MATERIAL SHOWN:
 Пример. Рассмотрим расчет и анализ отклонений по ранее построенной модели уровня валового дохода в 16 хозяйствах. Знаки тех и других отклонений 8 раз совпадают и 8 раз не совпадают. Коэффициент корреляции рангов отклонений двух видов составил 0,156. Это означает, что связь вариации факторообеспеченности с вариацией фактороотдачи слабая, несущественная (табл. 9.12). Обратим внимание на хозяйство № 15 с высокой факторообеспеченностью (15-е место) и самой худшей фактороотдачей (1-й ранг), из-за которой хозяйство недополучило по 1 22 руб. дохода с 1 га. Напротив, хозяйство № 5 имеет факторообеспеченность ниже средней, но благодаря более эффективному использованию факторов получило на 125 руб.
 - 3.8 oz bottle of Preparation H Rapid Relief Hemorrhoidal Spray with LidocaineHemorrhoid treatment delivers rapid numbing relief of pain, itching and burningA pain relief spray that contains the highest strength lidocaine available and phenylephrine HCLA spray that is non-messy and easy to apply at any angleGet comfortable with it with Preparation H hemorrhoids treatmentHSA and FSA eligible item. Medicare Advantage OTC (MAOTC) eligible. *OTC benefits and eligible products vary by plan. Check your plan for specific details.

...

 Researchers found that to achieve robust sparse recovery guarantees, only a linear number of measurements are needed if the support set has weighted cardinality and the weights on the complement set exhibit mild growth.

WORK TASK: Your task is to restate, word for word, only those lines above that fall between the line holding "Пример. Рассмотрим расчет" and the line holding "- 3.8 oz bottle", inclusive.

RESULT OF THE EXERCISE:
 Пример. Рассмотрим расчет и анализ отклонений по ранее построенной модели уровня валового дохода в 16 хозяйствах. Знаки тех и других отклонений 8 раз совпадают и 8 раз не совпадают. Коэффициент корреляции рангов отклонений двух видов составил 0,156. Это означает, что связь вариации факторообеспеченности с вариацией фактороотдачи слабая, несущественная (табл. 9.12). Обратим внимание на хозяйство № 15 с высокой факторообеспеченностью (15-е место) и самой худшей фактороотдачей (1-й ранг), из-за которой хозяйство недополучило по 1 22 руб. дохода с 1 га. Напротив, хозяйство № 5 имеет факторообеспеченность ниже средней, но благодаря более эффективному использованию факторов получило на 125 руб.
 - 3.8 oz bottle of Preparation H Rapid Relief Hemorrhoidal Spray with LidocaineHemorrhoid treatment delivers rapid numbing relief of pain, itching and burningA pain relief spray that contains the highest strength lidocaine available and phenylephrine HCLA spray that is non-messy and easy to apply at any angleGet comfortable with it with Preparation H hemorrhoids treatmentHSA and FSA eligible item. Medicare Advantage OTC (MAOTC) eligible. *OTC benefits and eligible products vary by plan. Check your plan for specific details.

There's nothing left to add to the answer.